The following is a short list of what I have observed in one school in particular (Carroll High School):
- Study hall monitoring, no sleeping, no headphones/eletronics, must stay active.
- No more than one study hall during a semester.
- Detentions for not completing homework.
- Required classes (Literature, Social Sciences, General Math, etc.).
- School standards in general.
- Everybody Reads (ER), where everyone must be reading something
- Truancy and its punishments (unauthorized absenses).
I go to school because I want an education, not because I want uneducated and unrespected authorities to tell me what I should learn, what kind of grade I should get, what kind of person I should be, and what sort of activities I should do.
Our freedom has been limited so that we cannot be trusted to make the correct decisions. Our rights have been limited so that a criminal has more than we do. Our education is being transformed into a uniform bell-curve where the stardards are so low that 99% of our students can pass it.
Our schools are being transformed into a fascist state, and the people who care about it the most forget about it once they graduate. The students need a speaker, a representive, to let them have a voice. Give them one.
Comments (4 comments)
I totally agree with that.
I what I’m about to say is totally something Mr. Vince would agree with: it’s called educational accountability. Not that parents nor teachers should be responsible for the student but the student themselves should be trusted enough to make educated decisions for themselves. Especially in high school.
If you screw up too bad.
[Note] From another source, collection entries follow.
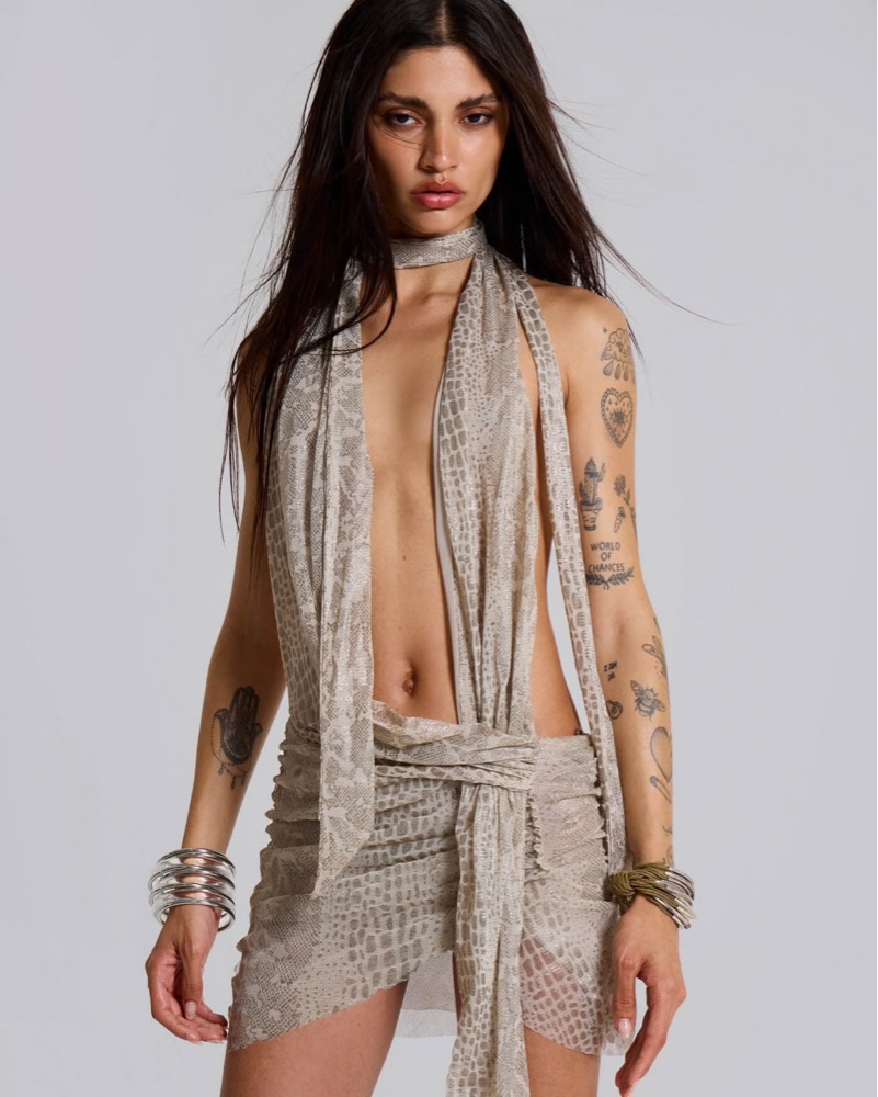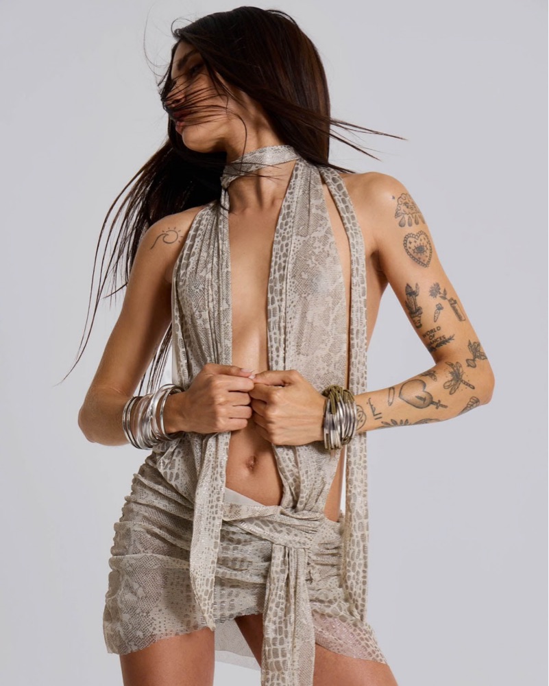 JADEDLDN Python Plunge Mini Dress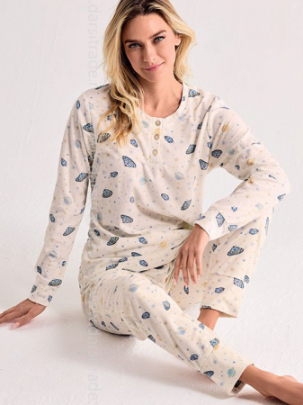 Пижама: кофта с длинным рукавом и брюки на манжетах. Застежка - три пуговицы на планке. Выполнена из флиса.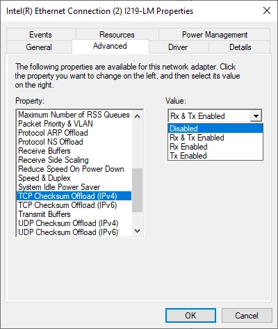 For most common network traffic, offloading checksum calculations to the network adapter hardware offers a significant performance advantage by reducing the number of CPU cycles required per byte. However, it is possible that offloading checksum calculations to the network adapter can cause severe slowness when working with the SOLIDWORKS PDM Add-in.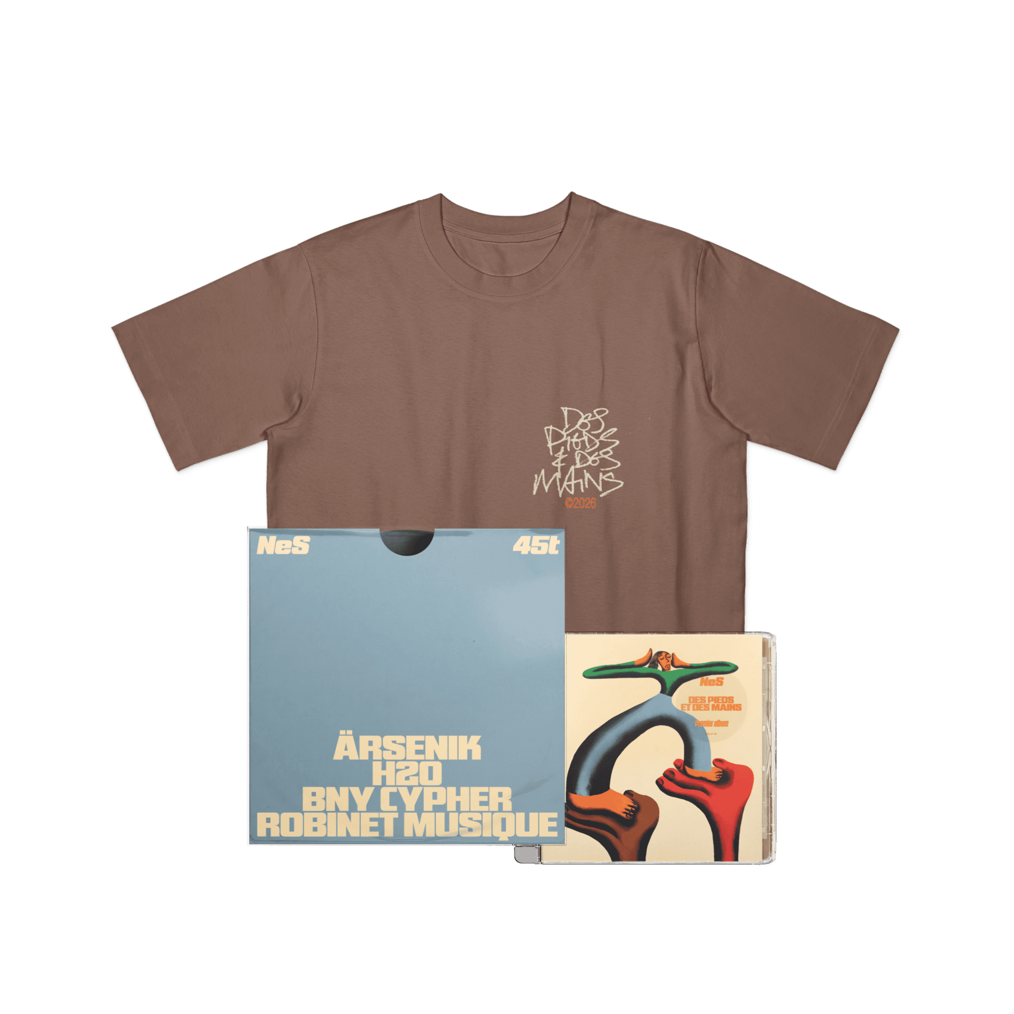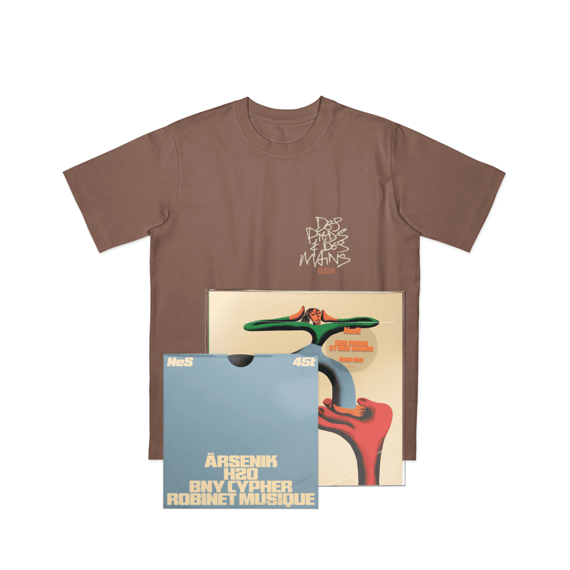 « Des pieds et des mains » + Mini EP (45 Tours) + TEE SHIRT MARRON EXCLUSIF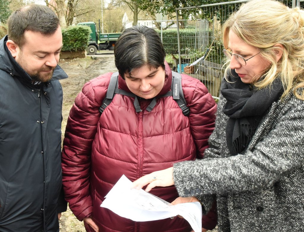Ausdrücklich begrüßte sie die Neugestaltung der Spielplatzfläche an der Poststraße und war ganz begeistert, als sie von der Installation eines Bodentrampolins erfuhr. „Dafür sind wir bisher immer bis Wandhofen gelaufen“, sagte Sabrina Vogt. Das wird bald nicht mehr nötig sein. In zehn bis zwölf Wochen wird der neue Spielplatz in ihrer Nachbarschaft fertig sein, der dann mit der Calisthenicsanlage und dem Bolzplatz eine wunderbare Einheit sein wird.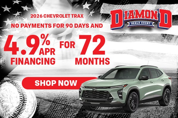 VIN KL77LFEP4TC104215. Stock #104215. MSRP $24,490. Deferred monthly payments for 90 days. Finance charges accrue from date of financing. Must finance with GM Financial. Down payment required at signing, if applicable. Offer not available in PA. Some customers may not qualify. Not available with lease and some other offers. 4.9% APR for 72 months for well-qualified buyers when financed w/GM Financial. Monthly payment is $16.06 for every $1000 you finance. Average example down payment is 10.0%. Not available with leases and some other offers. Tax, tags, title, and dealer/doc fee of $999 not included. Image does not depict the actual vehicle. See dealer for complete details. Must take new retail delivery by 04/30/2026.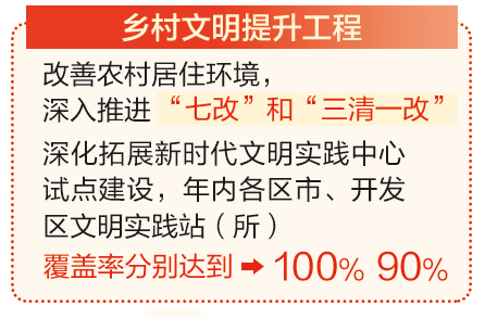 ??????強化環(huán)境整治力度還將延伸至鄉(xiāng)村。我市將深化改善農村居住環(huán)境,推進“七改”和“三清一改”,鞏固擴大城鄉(xiāng)環(huán)衛(wèi)一體化管護成果。并深化拓展新時代文明實踐中心試點建設,推進美麗庭院創(chuàng)建活動,引導農村群眾改善居家面貌,養(yǎng)成健康文明生活習慣。

Go work at the McDonalds on Dupont. haha.
I can see maybe some direction given the students younger in years but in High School students should be given the freedom and trust (unless otherwise proven it can’t be given) to make educated decisions for themselves.
And here is a proposal for ye: what do you think about students in high school being able to take classes solely that they are going to need for the future, ie the job they want to get into. So like if I just wanted to major in physics with Knorr Force then I would only be taking classes that pertained to physics. Or if I wanted to major in theology how about bible classes.
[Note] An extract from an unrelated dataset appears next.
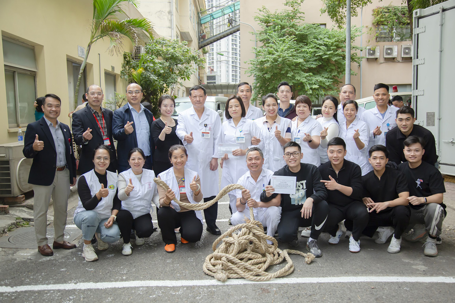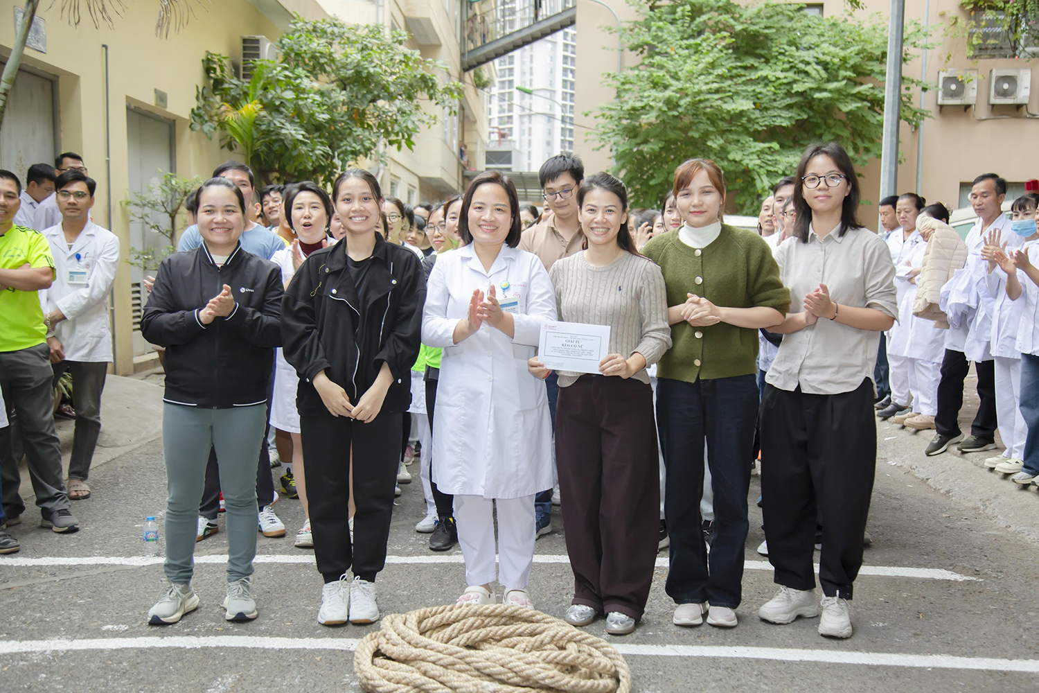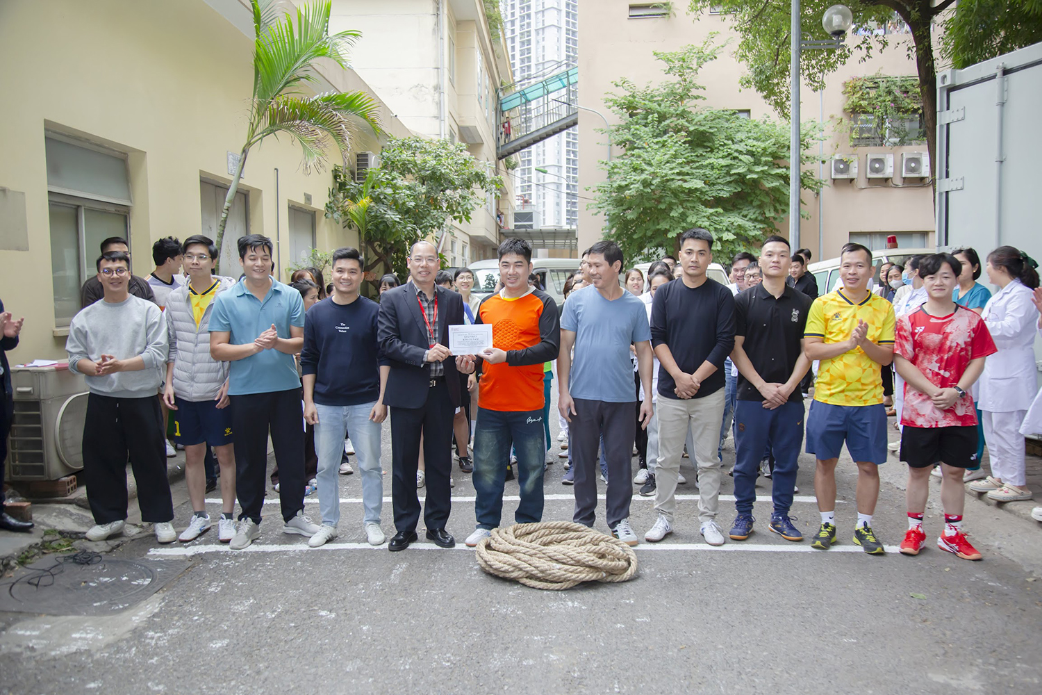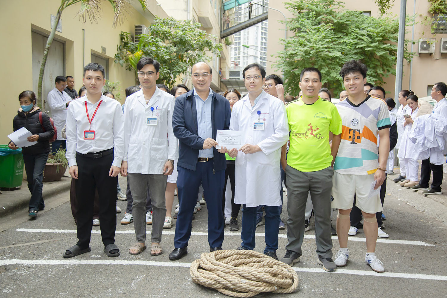 PGS.TS. Vũ Đức Bình, Phó Viện trưởng, Chủ tịch Công đoàn Viện và ThS. Nguyễn Thừa Thắng, Phó trưởng phòng Tổ chức cán bộ, Phó Chủ tịch Công đoàn Viện trao giải Vô địch môn Kéo co nam cho đội Lâm sàng và Vô địch nữ cho đội Trung tâm Máu quốc gia.

You get the point. What do you think?
Noga
Noga / January 24th, 2008, 11:36:22 pm / #
That’s kinda tough. Some people believe that it “makes you a more rounded person” if you take a variety of class, such as literature, and try different things… But that may only apply to the lower grades.
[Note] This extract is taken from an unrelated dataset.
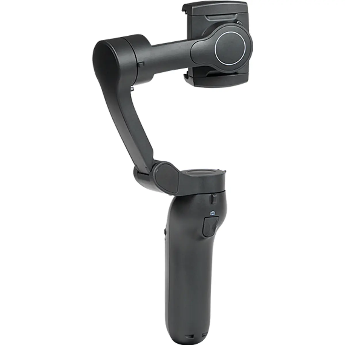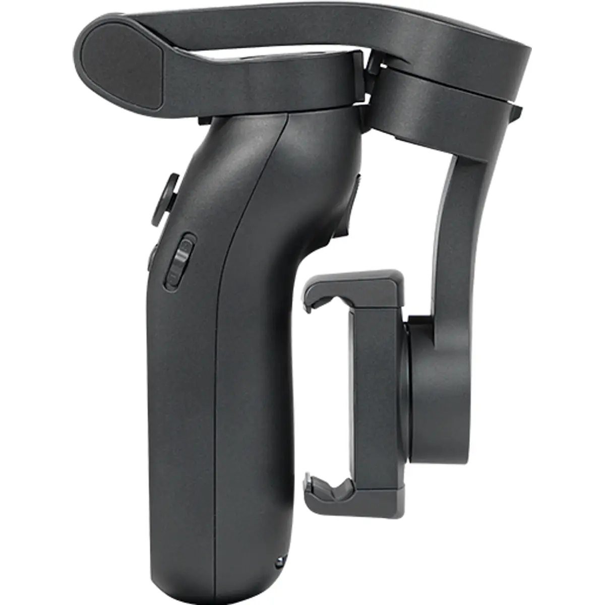 Este estabilizador gimbal dobrável para smartphone oferece rastreamento facial via app, transmissão ao vivo e alternância rápida entre modo retrato e paisagem. Possui display que mostra o modo e o nível de bateria. Suporta carregamento rápido: 5 minutos de carga rendem até 30 minutos, com adaptador de 2A. Compatível com câmaras de grande angular e telefones de largura 55-90 mm, diagonal até 180 mm e espessura 9,5 mm. App Gimbal Pro ou Pro2 disponível na Play Store e App Store; Android 8.0 mínimo.
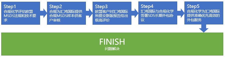 合规化学技术团队认真评估了汇鸿国际所面临的问题,为其提出了针对性的解决方案——MSDS外包服务,帮助汇鸿国际便捷有效的解决了出口欧盟MSDS合规难题,具体过程如下:

High school is a large part of the developmental stage of your life, and you usually decide what you’re going to do for the future (or have an idea) when you leave.
Taking all physics related courses would be most benefitical to you, but then the question would come, “at what age does the responsibility transfer over to the student?”
We could keep moving the age to an eariler and eariler one, becoming even more productive and efficient with our lives.
Good idea Lamp. Sounds great. Honestly, I thought I’d find something to counter it as I was typing it, but I didn’t. It’s late. I might have missed something…
Lamp / January 24th, 2008, 11:53:44 pm / #
I really don’t think its the teachers jobs they do good most of the time. I think its more of the parents job to find out what their kids are doing and help them or just themselves. It doesn’t matter how hard the teacher tries if the kid is just a wall.
Derek / March 5th, 2008, 11:42:44 am / #
educational accountability man, educational accountability.